Sunday, April 21, 2013

Assignment 4: Finalized Protein Summary

Rex-family repressors fine-tune the expression of genes involved in respiration in response to oxygen levels. These redox-sensing repressors are found in Gram-positive bacterial species like streptococcus and staphylococcus (Reference 1). T-Rex is isolated from thermus aquaticus, a type of bacteria that can withstand high temperatures and was first discovered in the hot springs of Yellowstone National Park (Reference 2).
Figure 1: Thermus Aquaticus Rex colored by secondary structure, with DNA attached. PDB file (1XCB), edited by author on PyMol software.
The geometry of T-Rex is specific to both NAD and DNA. Molecule binding of NAD occurs in the large cleft between each subunit, and up to 2 NAD molecules can bind at a time at this domain. The two protruding bumps on T-Rex are the DNA binding domain (Figure 1). The two domains for NAD and DNA, respectively, are connected by an alpha helical arm, which reaches between domains and locks the subunits of the T-Rex complex together (Reference 3). Figure 2 offers a cross-sectional view of T-Rex, exposing the NAD binding domain that can bind two NAD molecules with the alpha-helical arm and the DNA in its domain. 

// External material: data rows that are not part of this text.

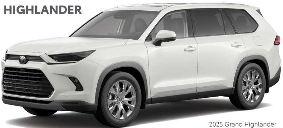
2025 Grand Highlander Hybrid Limited AWD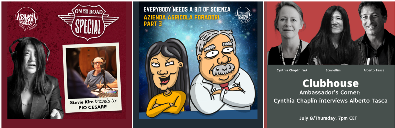
Italian Wine Podcast Episode Snapshots of this Week

The Italian Wine Podcast channel has achieved 1,049,791 streams on SoundCloud, 23,700 on Ximalaya and 25,230 on Spotify. The high-quality content speaks for itself, so happy birthday to us!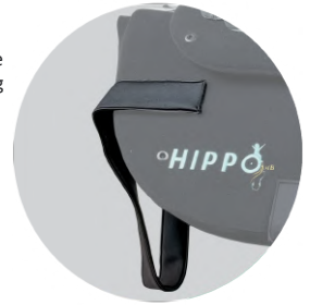
pic. 4: Crupper

Equipped with fastening system along the bottom surface in order to be easily attached along the top surface of the lower element. It is intended to stabilize the pad by preventing it from moving forward.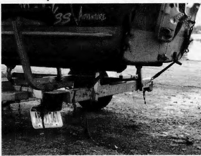
Eurasian watermilfoil hangs from a trailer leaving a lake.

Members of several NYSFOLA lake associations were on hand at a public meeting last October as officials from the Town of Harrietstown, in Franklin County, heard comments on a proposed local law that would help prevent the spread of aquatic invasive species in some Adirondack lakes. The law, which passed on a unanimous decision of the town board, requires boaters to remove all aquatic plants from their boats and trailers before entering or exiting any water body in the town including Lake Colby, Lake Clear, Upper, Middle and Lower Saranac Lakes, the St. Regis lakes, Kiwassa Lake and the Raquette River.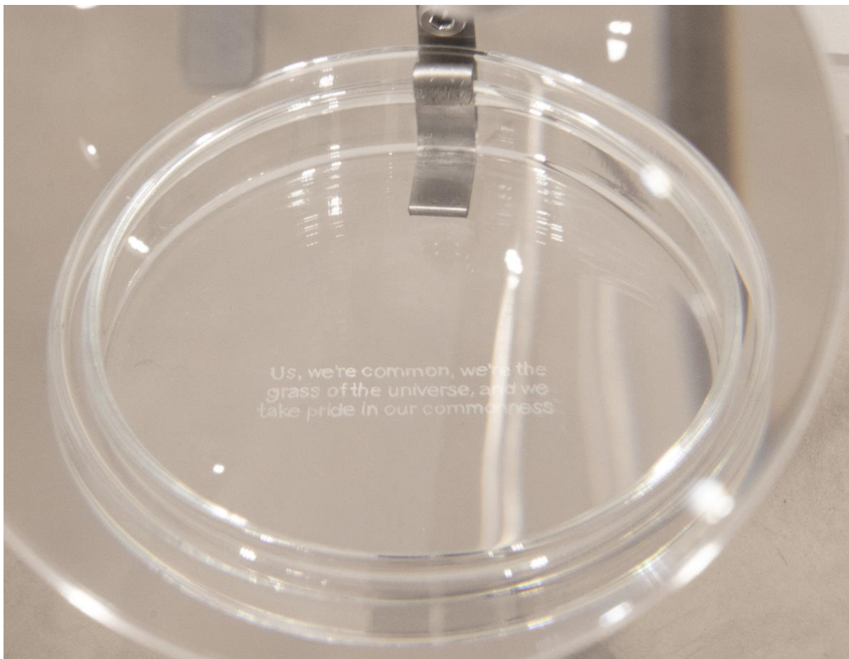
Micromessages I.

Annotation: Originally produced for an interdisciplinary group exhibition Confluence at Marignana Arte in Venice, Micromessages I-III are three sculptural objects featuring petri dishes with miniature text engravings visible only through magnifying lenses. The aesthetics of the objects reference to laboratory apparatuses used to make microscopic aspects of nature visible and sensible. In this case, the role of laboratory tools is reversed – they turn human ideas, which are standardly visible in exhibition spaces as textual inscriptions, into invisible, thin layer resembling a biofilm prepared for chemical examination. The engravings feature three citations by sci-fi authors Karl Schröder and Stanisław Lem, as well as a theologian Marika Rose, which all address the embeddedness of human technology and culture in biogeochemical substrate of our planet.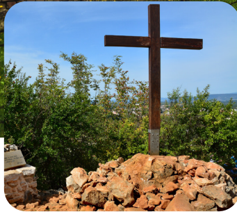
Apparition Hill Medjugorje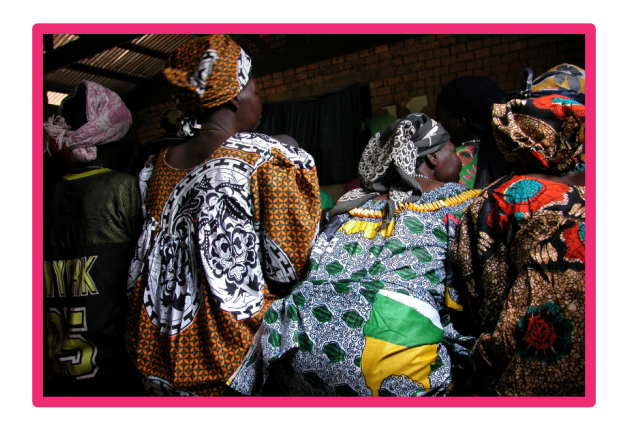
<u>Tip</u>: Focus on the actions taken by the person. This makes it possible to have a dynamic image, even if the subject present in the image is not identifiable.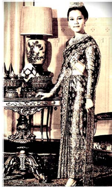
Fig. 15 Queen Sirikit in Thai Siwalai dress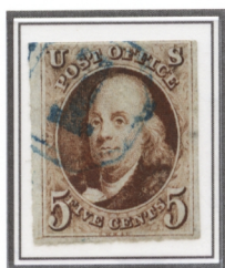
Blue '1' in octagon Philadelphia PA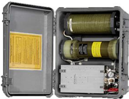
Fig. 3. HPEMcase [23]

As shown in Fig. 3, the HPEMcase is optimized to disable electronic equipment for special forces operations. The HPEMcase has a maximum power of up to 365 MW and a total explosive length of up to 60 seconds at a center frequency of 350 MHz [23]. HPEMcase is also used as an EMP source in-field testing to determine the impacts of an EMP pulse on vehicle testing [24], [25].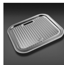
AC63 Stainless Steel Tray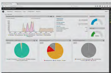
KEY MANAGEMENT FACILITY (KMF)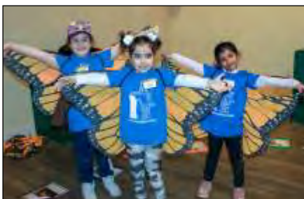
Jefferson students enjoy their day at the zoo learning about butterflies.

WCS continues to enjoy an educational partnership with the Detroit Zoo. During the months of April and May, each elementary school first grade visited the zoo to learn, observe, and explore during the Day at the Zoo Education Program.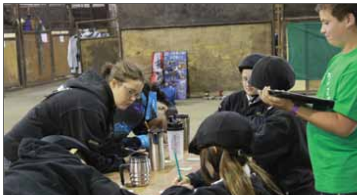
Members participate in consumer decision making at Peace Regional Days.

new Specialist is in place. If you see something that you have the skills to help out with, please step forward. ✿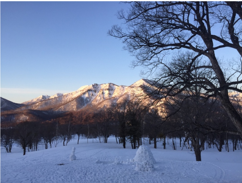
View from the Hutte at sunset with the igloo and snow person created earlier that day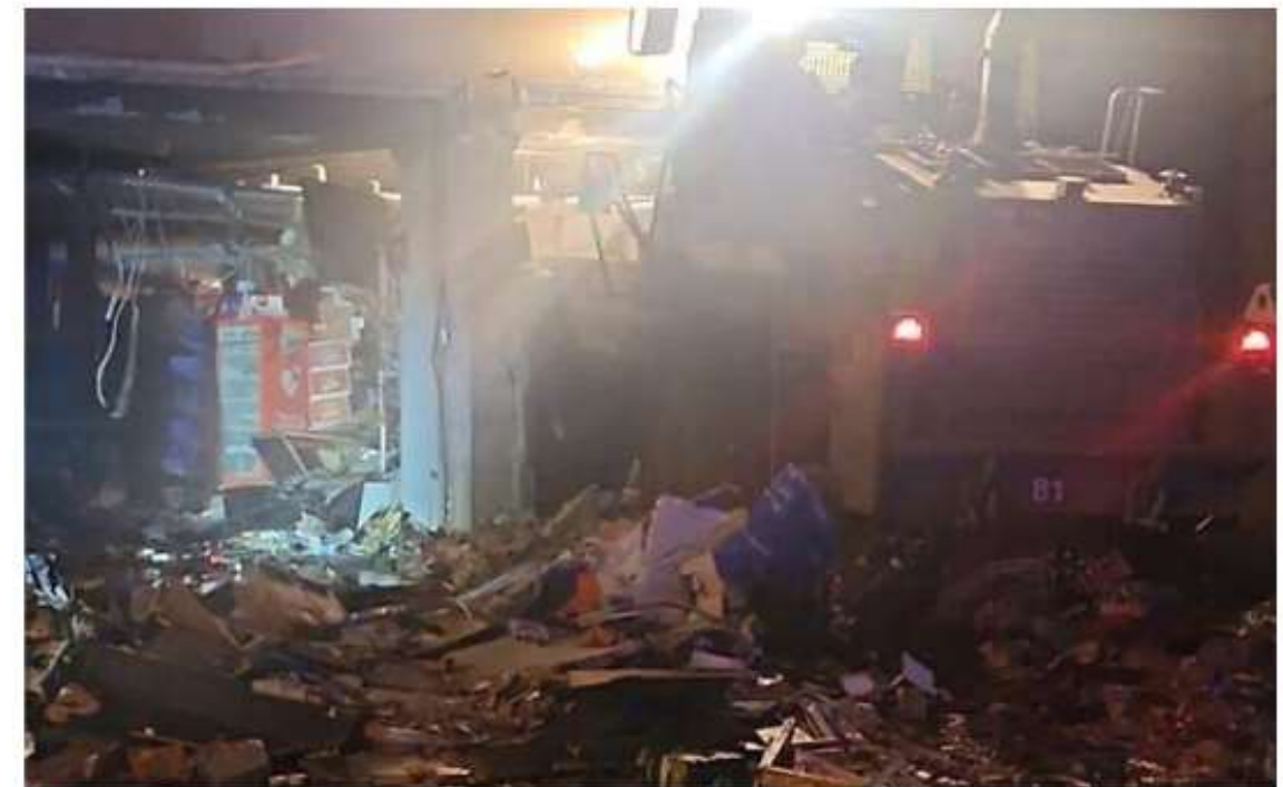
The IDF demolishes a pizzeria in Huwara that posted an ad mocking an elderly woman taken hostage by terrorists into Gaza on October 12, 2023.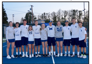
Seniors of the boys and girls tennis teams.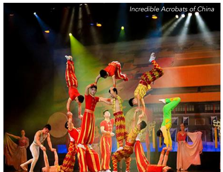
Incredible Acrobats of China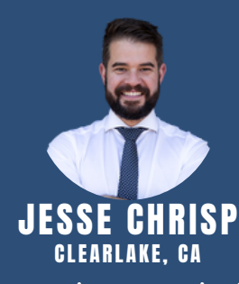
"How to win comparative fault dangerous construction zone cases"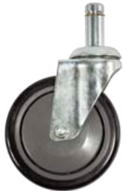
Non-Threaded Stem Caster C5STSP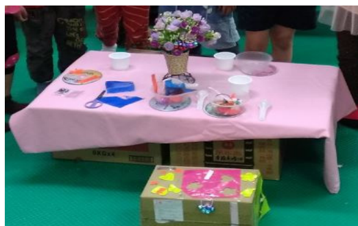
Figure 4. The Children’s Table, Chairs, and Decorations

In the concluding activity, the children invited their parents and the principal to enjoy their food and drinks in their restaurants on the display day. The children were divided into three groups, one for each restaurant, a hot pot restaurant, a coffee restaurant, and a café. Each group played the roles of restaurant owner, cashier, waiter or waitress, and cook. They also presented music performances with singing and dancing at the opening ceremony.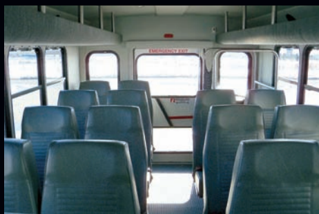
A choice of standard activity bus seats, optional overhead and rear storage are shown above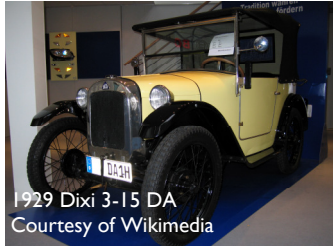
1929 Dixi 3-15 DA

Did you know the first BMW was the Dixi? The Dixi was licensed from the Austin Motor Company in 1927 as a left-hand drive variant of the Austin 7 to the Automobilwerk Eisenach company. In 1928, BMW, looking to get into the automobile business, purchased Automobilwerk Eisenach. Variants of the Dixi continued in production with BMW until 1932.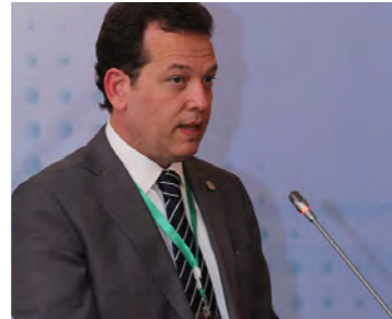
Dip. Victor Orlando Bisonó Dominican Republic Chair of International Council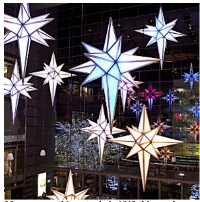
20 awesome things to do in NYC this week (https://www.timeout.com/newyork/blog/20- (https://www.timeout.com/newyork/blog/the-this winter awesome-things-to-do-in-nyc-this-week-122816)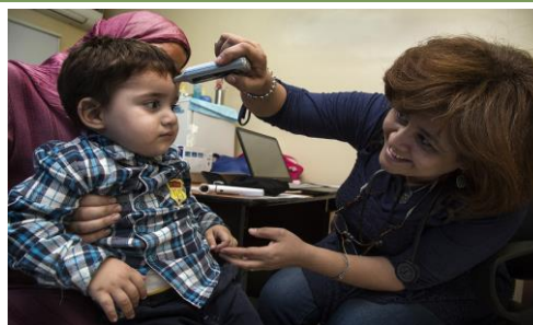
Primary and specialized health care provision through a variety of primary care clinics and specialized referral hospitals. Egypt - Cairo, S.Nelson/UNHCR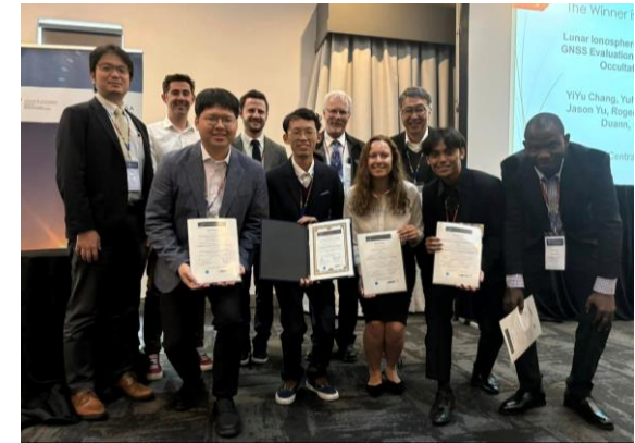
PreMIC9 finalists and reviewers, Nov. 27, 2024, Stellenbosch, South Africa

Figure 2: Geometric domains of T-Rex. PDB file (1XCB), edited by author on PyMol software and with PowerPoint.
T-Rex represses respiratory gene expression until a limited oxygen supply raises the ratio of intracellular NADH: NAD+. Both NAD+ and NADH bind to T-Rex, evoking different reactions. Elevated NADH levels indicate that oxygen is unavailable, and that the expression of genes required in respiration are needed. With NADH bound the NAD domain in T-Rex, the two DNA binding domains are located so closely that the shape of DNA cannot fit and match the domains, and transcription of DNA continues. Increased NAD+ indicate a restoration of oxygen levels and no need for continued respiration. The binding of NAD+ induces a conformational shift of the entire T-Rex complex, opening the DNA domains like a scissors. In this form, DNA can bind to T-Rex, thus suppressing transcription activity. Figure 3 shows T-Rex with a) NAD+ bound state and open domains allowing for DNA binding, and b) NADH bound, inducing a rotation of the repressor and a contraction of the DNA binding domain disallowing for DNA to bind (Reference 4).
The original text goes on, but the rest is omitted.